[[ Data shown open ]]

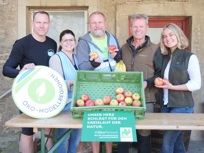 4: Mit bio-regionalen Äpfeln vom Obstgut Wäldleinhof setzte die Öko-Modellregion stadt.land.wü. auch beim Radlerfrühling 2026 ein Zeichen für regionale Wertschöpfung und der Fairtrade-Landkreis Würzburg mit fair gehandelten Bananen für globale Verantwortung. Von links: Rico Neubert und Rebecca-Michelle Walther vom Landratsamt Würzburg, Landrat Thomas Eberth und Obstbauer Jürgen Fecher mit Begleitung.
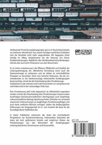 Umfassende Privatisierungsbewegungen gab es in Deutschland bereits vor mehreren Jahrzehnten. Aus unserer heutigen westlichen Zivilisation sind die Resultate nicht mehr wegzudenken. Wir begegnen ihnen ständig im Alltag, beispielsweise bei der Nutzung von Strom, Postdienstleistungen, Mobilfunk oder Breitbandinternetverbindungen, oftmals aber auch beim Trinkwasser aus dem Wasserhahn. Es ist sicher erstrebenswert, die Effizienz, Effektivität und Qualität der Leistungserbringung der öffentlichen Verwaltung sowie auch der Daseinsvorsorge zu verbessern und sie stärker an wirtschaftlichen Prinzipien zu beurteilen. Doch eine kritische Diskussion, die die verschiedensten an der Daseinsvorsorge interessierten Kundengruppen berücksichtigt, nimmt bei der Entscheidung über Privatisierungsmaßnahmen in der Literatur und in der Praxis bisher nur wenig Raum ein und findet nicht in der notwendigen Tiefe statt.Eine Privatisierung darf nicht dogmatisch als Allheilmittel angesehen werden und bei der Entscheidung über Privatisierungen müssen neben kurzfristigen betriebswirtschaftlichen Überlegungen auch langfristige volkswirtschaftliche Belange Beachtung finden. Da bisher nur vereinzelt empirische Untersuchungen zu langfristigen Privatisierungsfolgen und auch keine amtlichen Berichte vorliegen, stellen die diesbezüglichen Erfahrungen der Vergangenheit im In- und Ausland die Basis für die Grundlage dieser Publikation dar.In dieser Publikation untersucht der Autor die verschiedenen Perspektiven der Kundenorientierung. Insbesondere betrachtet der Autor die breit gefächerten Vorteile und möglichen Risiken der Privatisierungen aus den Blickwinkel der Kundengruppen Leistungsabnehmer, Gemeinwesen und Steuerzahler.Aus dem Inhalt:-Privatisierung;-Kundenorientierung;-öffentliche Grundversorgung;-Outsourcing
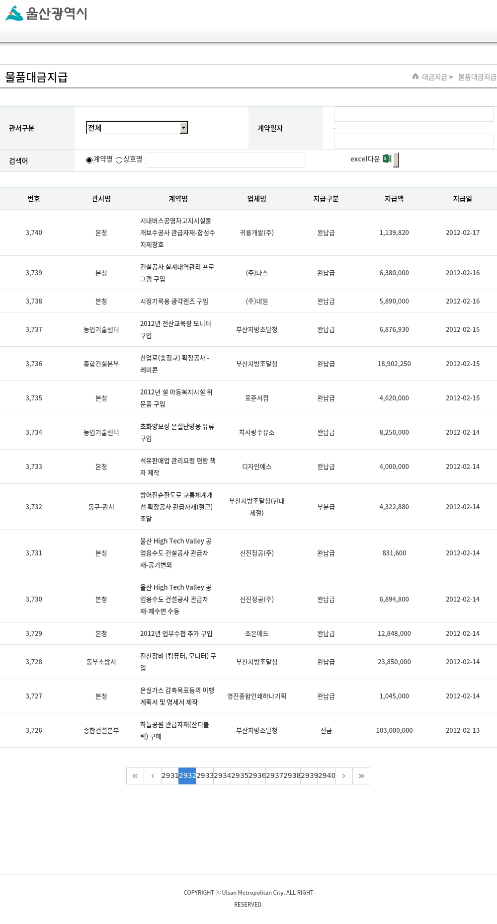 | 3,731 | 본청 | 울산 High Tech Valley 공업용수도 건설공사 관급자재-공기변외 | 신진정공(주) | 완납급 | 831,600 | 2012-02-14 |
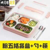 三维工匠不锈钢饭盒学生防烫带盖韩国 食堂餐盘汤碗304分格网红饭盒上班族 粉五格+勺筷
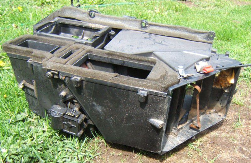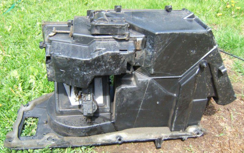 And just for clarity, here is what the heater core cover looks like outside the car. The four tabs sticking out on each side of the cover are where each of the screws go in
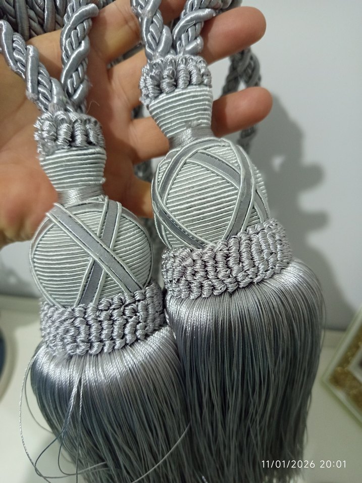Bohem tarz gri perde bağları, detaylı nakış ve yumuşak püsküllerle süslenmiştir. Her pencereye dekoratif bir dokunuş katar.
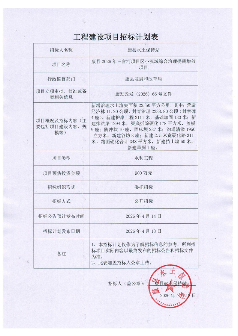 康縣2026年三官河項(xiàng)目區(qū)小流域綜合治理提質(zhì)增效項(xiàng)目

[[ Data shown closed ]]

### Directions for this task
To complete this exercise, transcribe exactly the lines above from the one that holds "831,600 | 2012-02-14 |" through the one that holds "And just for". Pictures stay out.

### Answer to the exercise
 | 3,731 | 본청 | 울산 High Tech Valley 공업용수도 건설공사 관급자재-공기변외 | 신진정공(주) | 완납급 | 831,600 | 2012-02-14 |
 三维工匠不锈钢饭盒学生防烫带盖韩国 食堂餐盘汤碗304分格网红饭盒上班族 粉五格+勺筷
 And just for clarity, here is what the heater core cover looks like outside the car. The four tabs sticking out on each side of the cover are where each of the screws go in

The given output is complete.